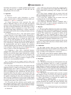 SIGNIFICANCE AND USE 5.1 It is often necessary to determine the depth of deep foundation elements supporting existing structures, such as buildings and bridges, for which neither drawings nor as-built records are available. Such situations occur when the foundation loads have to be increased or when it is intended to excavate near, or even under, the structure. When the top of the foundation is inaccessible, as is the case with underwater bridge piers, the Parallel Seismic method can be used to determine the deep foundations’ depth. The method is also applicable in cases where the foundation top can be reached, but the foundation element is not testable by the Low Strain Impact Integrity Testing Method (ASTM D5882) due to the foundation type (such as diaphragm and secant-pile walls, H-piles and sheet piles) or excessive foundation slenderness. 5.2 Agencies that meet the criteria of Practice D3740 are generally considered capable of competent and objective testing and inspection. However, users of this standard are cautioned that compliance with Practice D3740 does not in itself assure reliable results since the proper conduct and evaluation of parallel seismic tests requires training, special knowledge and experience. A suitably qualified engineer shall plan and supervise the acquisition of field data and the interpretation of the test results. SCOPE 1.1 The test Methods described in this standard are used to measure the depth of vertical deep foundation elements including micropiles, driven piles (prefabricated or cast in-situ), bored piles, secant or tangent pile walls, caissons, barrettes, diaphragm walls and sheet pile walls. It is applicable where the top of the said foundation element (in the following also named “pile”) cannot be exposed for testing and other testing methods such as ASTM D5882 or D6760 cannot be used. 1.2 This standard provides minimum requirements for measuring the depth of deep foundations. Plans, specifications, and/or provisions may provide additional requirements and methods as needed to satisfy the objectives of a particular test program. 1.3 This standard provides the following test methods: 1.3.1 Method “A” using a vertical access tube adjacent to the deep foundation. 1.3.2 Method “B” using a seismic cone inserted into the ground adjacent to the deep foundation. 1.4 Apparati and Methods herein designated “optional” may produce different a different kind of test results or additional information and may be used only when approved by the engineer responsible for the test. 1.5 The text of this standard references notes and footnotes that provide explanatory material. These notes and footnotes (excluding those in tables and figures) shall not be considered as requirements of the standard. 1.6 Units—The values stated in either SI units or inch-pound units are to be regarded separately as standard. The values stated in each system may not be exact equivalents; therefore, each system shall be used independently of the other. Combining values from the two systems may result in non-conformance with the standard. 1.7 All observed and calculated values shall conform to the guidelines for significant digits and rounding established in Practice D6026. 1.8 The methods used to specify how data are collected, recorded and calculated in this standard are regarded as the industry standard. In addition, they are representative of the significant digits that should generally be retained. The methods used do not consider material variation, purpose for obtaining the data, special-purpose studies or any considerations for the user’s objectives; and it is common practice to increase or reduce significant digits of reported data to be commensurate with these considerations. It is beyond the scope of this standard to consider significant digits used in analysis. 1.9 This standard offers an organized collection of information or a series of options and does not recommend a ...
* * *
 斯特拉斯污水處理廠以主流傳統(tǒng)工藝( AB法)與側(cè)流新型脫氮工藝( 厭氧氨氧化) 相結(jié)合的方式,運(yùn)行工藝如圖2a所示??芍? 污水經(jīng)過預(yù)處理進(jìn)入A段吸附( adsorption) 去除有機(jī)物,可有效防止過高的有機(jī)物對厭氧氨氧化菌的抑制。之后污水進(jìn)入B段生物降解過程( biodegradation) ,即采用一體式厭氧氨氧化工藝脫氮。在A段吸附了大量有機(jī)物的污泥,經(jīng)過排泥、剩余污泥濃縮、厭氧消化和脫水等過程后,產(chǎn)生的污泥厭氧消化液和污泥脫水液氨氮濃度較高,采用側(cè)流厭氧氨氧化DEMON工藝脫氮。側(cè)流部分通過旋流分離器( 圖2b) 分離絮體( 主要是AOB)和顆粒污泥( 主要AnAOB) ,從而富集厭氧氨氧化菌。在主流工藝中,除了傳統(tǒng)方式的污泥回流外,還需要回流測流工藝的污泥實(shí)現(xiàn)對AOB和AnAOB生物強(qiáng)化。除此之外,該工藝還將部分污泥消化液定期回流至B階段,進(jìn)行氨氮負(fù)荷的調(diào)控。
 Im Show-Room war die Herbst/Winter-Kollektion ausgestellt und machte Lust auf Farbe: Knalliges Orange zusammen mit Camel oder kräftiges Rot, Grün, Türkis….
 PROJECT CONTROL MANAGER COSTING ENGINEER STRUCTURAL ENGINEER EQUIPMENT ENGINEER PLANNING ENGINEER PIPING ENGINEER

### WORK TASK
Quote the data above from the line containing "Im Show-Room war" to the line containing "PROJECT CONTROL MANAGER", inclusive, and stop.

### WRITTEN ANSWER
 Im Show-Room war die Herbst/Winter-Kollektion ausgestellt und machte Lust auf Farbe: Knalliges Orange zusammen mit Camel oder kräftiges Rot, Grün, Türkis….
 PROJECT CONTROL MANAGER COSTING ENGINEER STRUCTURAL ENGINEER EQUIPMENT ENGINEER PLANNING ENGINEER PIPING ENGINEER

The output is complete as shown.